In addition, we evaluated the expression of each RNA biomarker independently in PD patients with cognitive decline compared to cognitively normal PD patients. For this analysis, we used a general linear regression model adjusting for age, gender, education, Hoehn and Yahr, and MDS-UPDRS. A receiver operating characteristic curve (ROC) analysis was performed to determine the diagnostic accuracy of each biomarker. A nominal p-value of 0.05 or less was considered significant
Demographic characteristics of study participants
There were no significant differences in mean age and sex distribution between PD patients and HC. However, PD patients had a small but significant difference in the number of years they attended school compared to HC (Table 1). As expected, comparisons of clinical features showed significant differences in Hoehn and Yahr stage, Movement Disorder Society-sponsored revision of the Unified Parkinson’s Disease Rating Scale (MDS-UPDRS), MoCA score, University of Pennsylvania Smell Identification Test (UPSIT), Geriatric Depression Scale (GDS) and Scale for Outcomes in Parkinson’s disease for Autonomic Symptoms (SCOPA) scores between PD patients and controls (Table 1). We also compared the blood glucose levels in PD patients and controls. Mean blood glucose level was within the normal range in HC (<100 mg/dL) but was significantly higher than normal in the PD group (≥ 100 mg/dL) (Table 1).

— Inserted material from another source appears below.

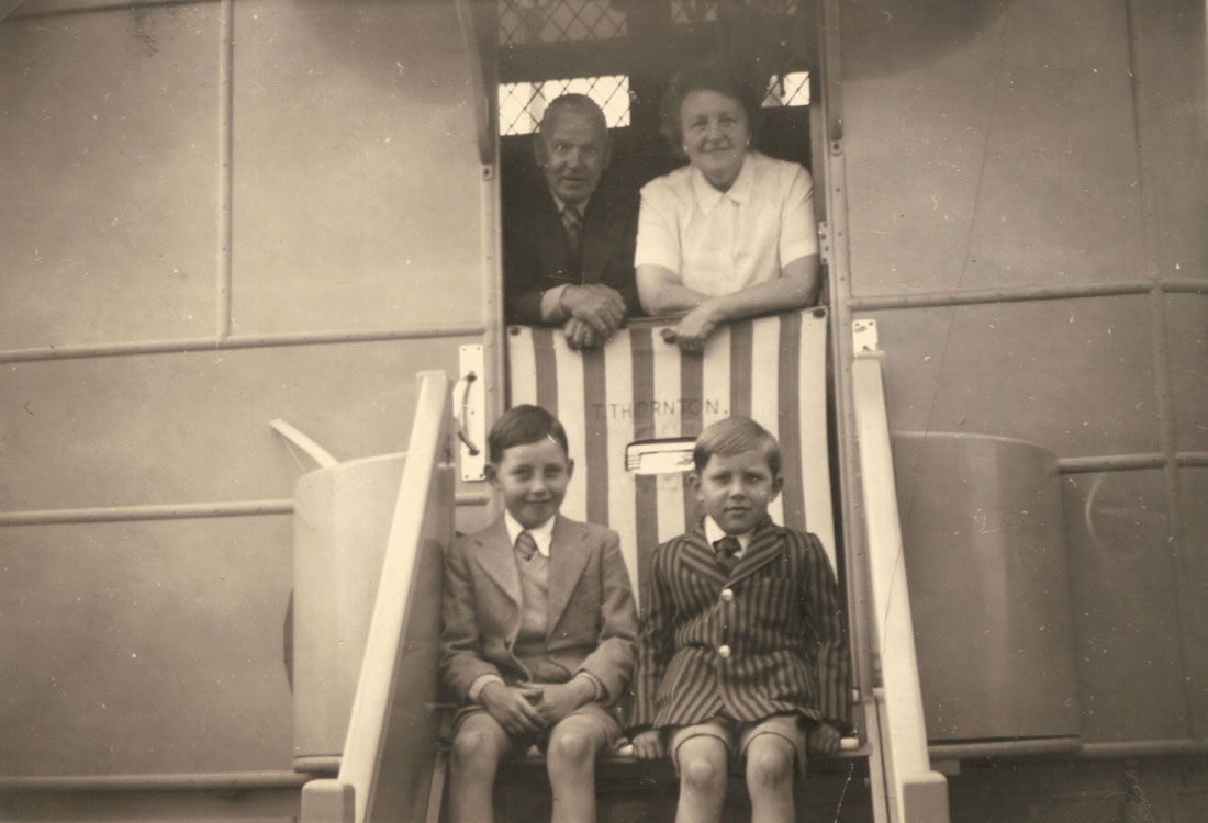 Tussauds founder Brian Walker as an infant, sat on the steps of his

Evaluation of RNA biomarkers in blood of PPMI study participants
A total of ten RNA biomarkers were tested in the PPMI cohort by quantitative PCR assays. No significant difference was observed in the expression of 9 of the markers, including EFTUD2, PTBP1, C5ORF4, APP, SOD2, HNF4A, WLS, ZNF160 and MACF1, between PD patients and controls in the univariate analysis (S1 Table). Interestingly however, a small but significant difference in the expression of COPZ1 was identified in the blood of PD patients compared to HC. Specifically, the relative abundance of COPZ1 (p = 0.005) was significantly up-regulated in PD patients compared to HC, although overlap in expression levels between the two groups was observed (Fig 1, S1 Table). In addition, the analysis was performed using a general linear regression model adjusting for confounding variables including age, sex and educational level. Relative abundance of COPZ1 trended toward significance in PD patients compared to HC after adjusting for confounding variables (ß = 0.18, nominal p = 0.009).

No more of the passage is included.